There are two black rooks on the chessboard and a white chess king that tries to violate the chess rules, that is tries to move into a position which it would be in check. Can the king force itself into check or can the two rooks avoid check indefinitely?

What if there are three rooks?

(In reply to re: Solution by Federico Kereki)

Yes, Federico, I agree, it was not a proof.  I just thougt that going from b2 to g7 was the most efficient strategy for the king and if even that didn't work...

Now what do you think of this:
Let rook 1 be at a1 and he only moves on the outer square (a1, a8, h1 and h8).
Rook 2 is on g7 and moves on the second outer square (b2, b7, g2 and g7)
Divide the chess field is 4 equal squares, (a1, d4), (a8,d5), (h1,e4) and (h8,e5)  .

Start with the king on d4.  This is in the (a1, d4) square.

If the king enters another square, move rook 2 to the side of the board where the square the king just left is situated.  E.g. if he goes to square (a8, d5), rook 2 goes to g2.
If the king continues going to the 8 line, there is nothing to fear, life gets easier.
If the king went deeper in the square (a1, d4), move rook 1 to the a8 position, if he continues, rook 1 goes to h8.
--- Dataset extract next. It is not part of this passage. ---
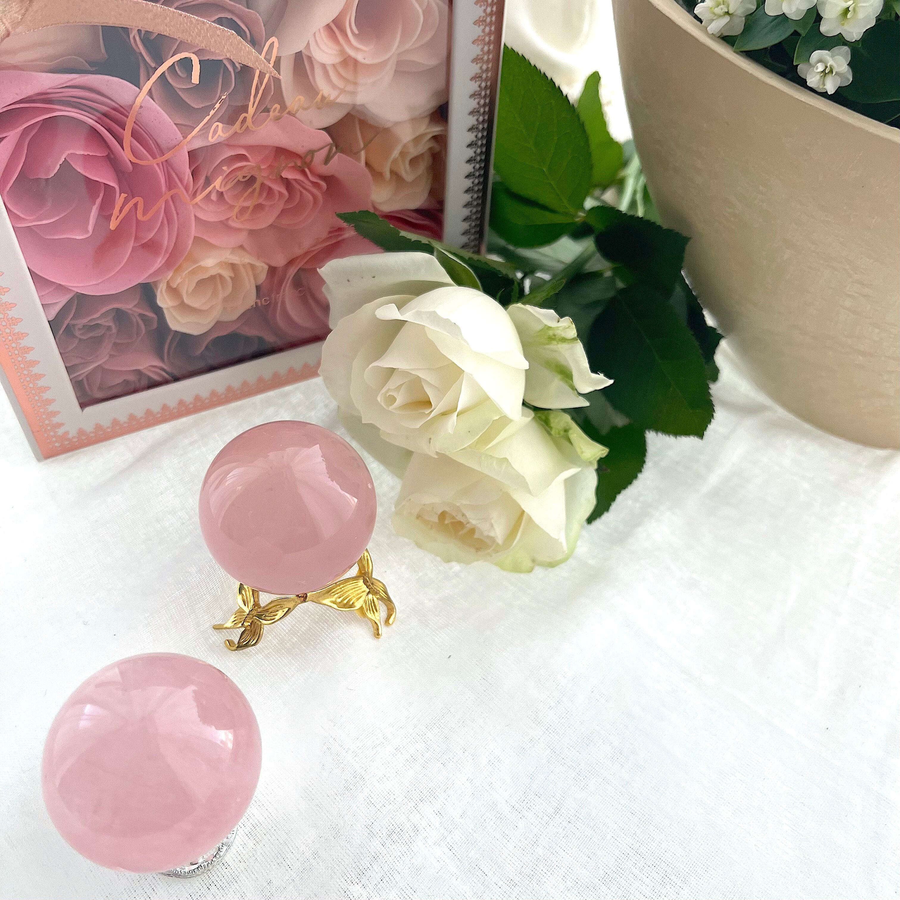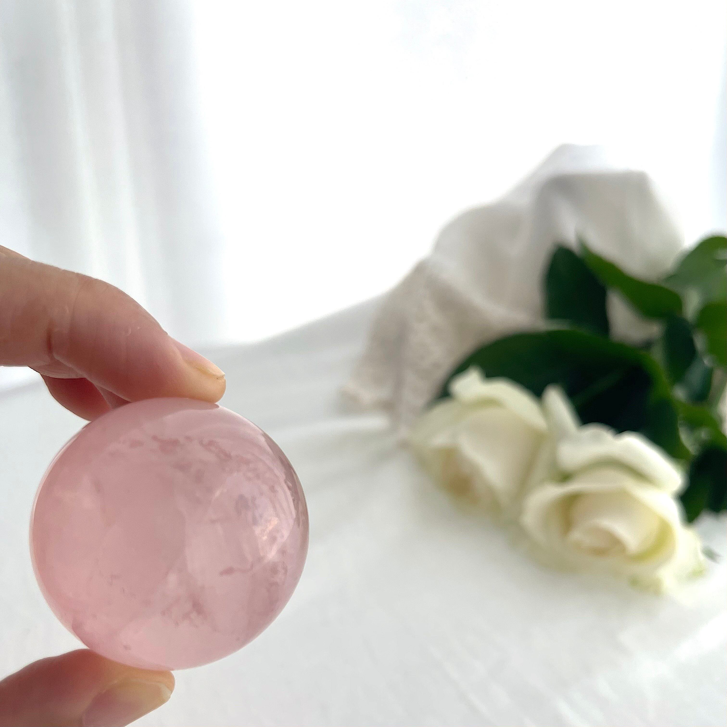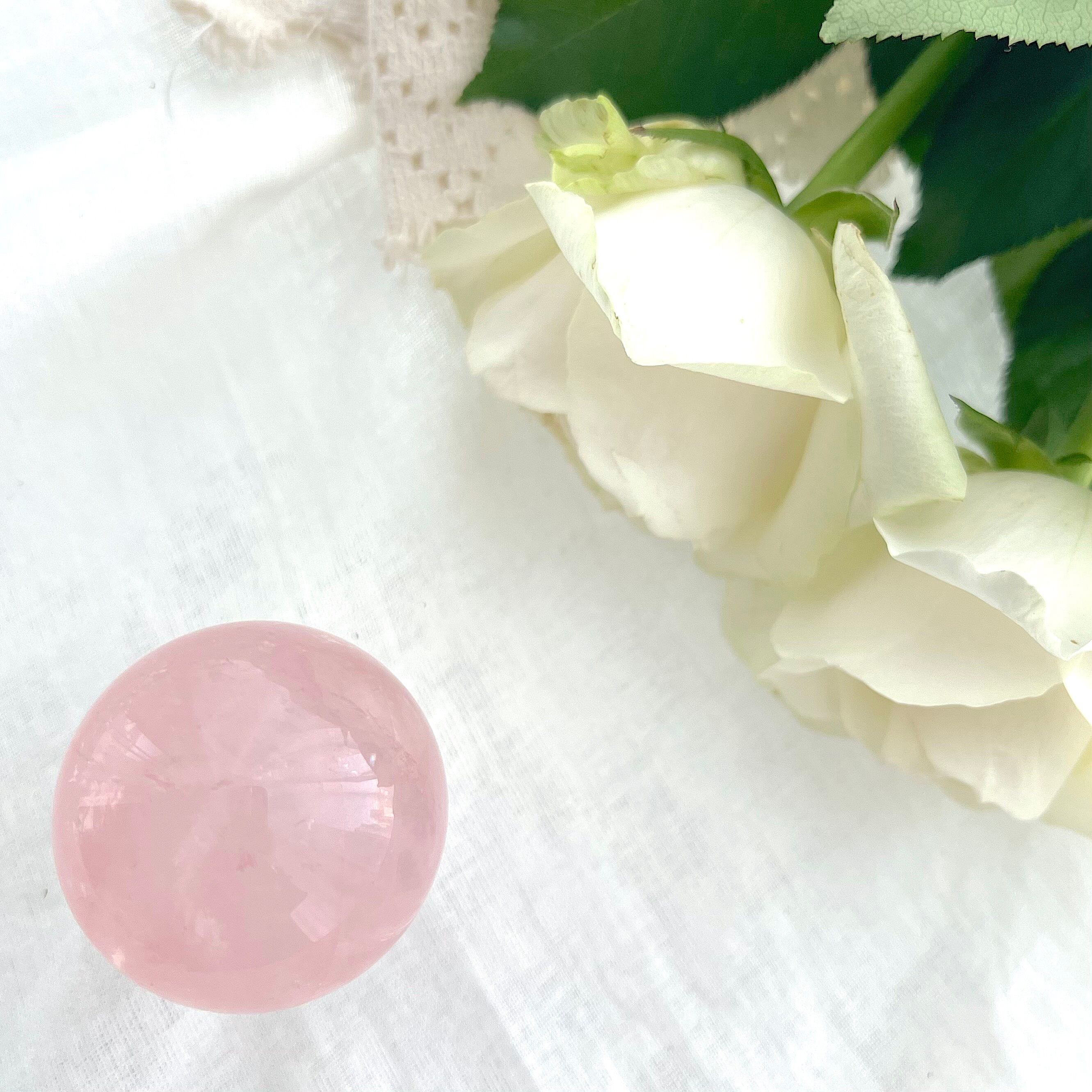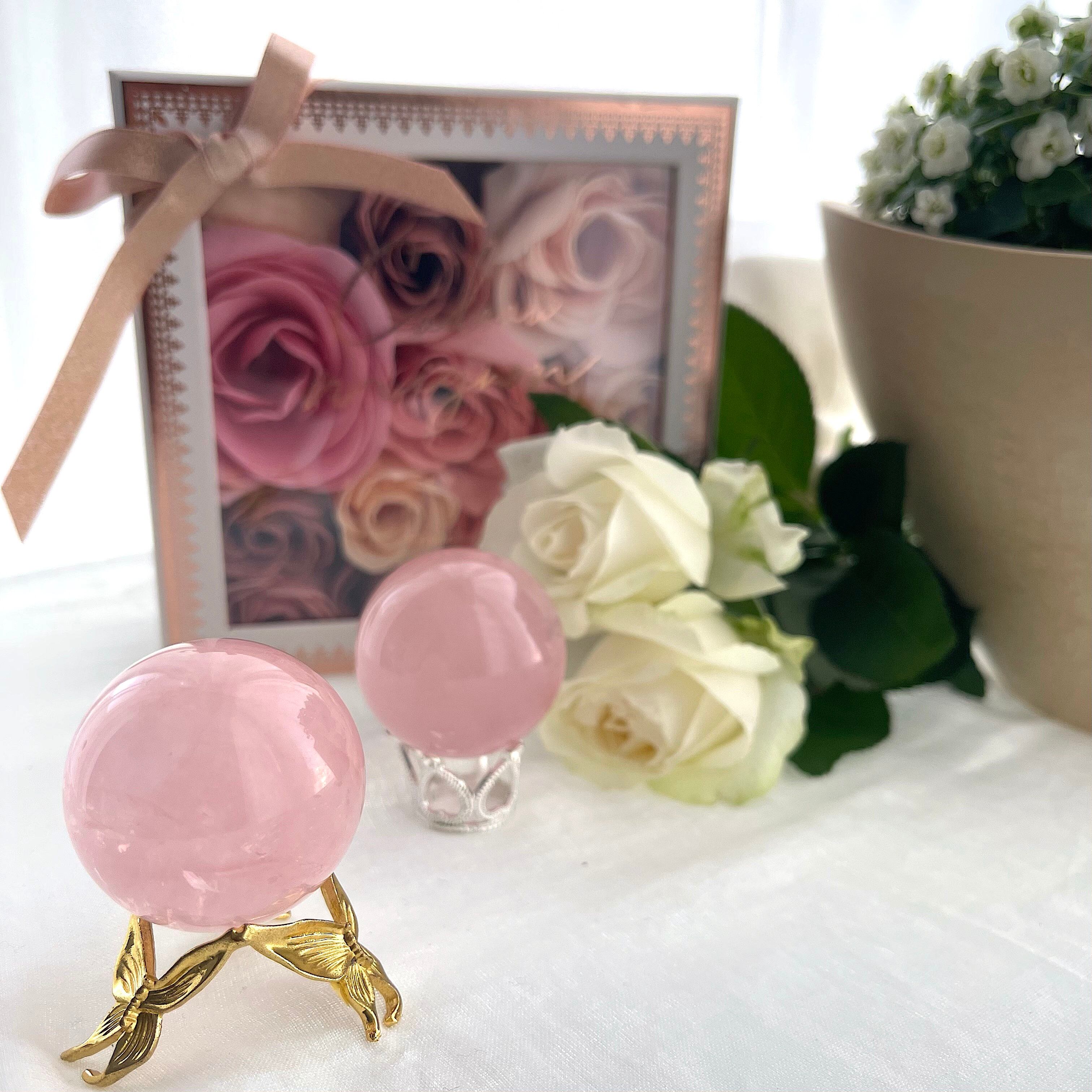 淡くやさしいピンクの中に、霧がかったようなインクルージョンが浮かぶ、詩的な美しさをたたえたスターローズクォーツのスフィア。

The above (I think) gives prove for 'horizontal/vertical' moves.
What for a diagonal move?
A) going to rook1:
If the king goes from d4 to c3, move rook 1 to a8, if the king continues to b2, rook 1 travels to h8.
B) going to rook 2:
If the king goes from d4 to e5, move rook 2 to g2, if the king continues to f6, rook 2 travels to b2.

It is a bit difficult to explain, but I think it works.

Posted by Hugo on 2004-11-19 20:14:47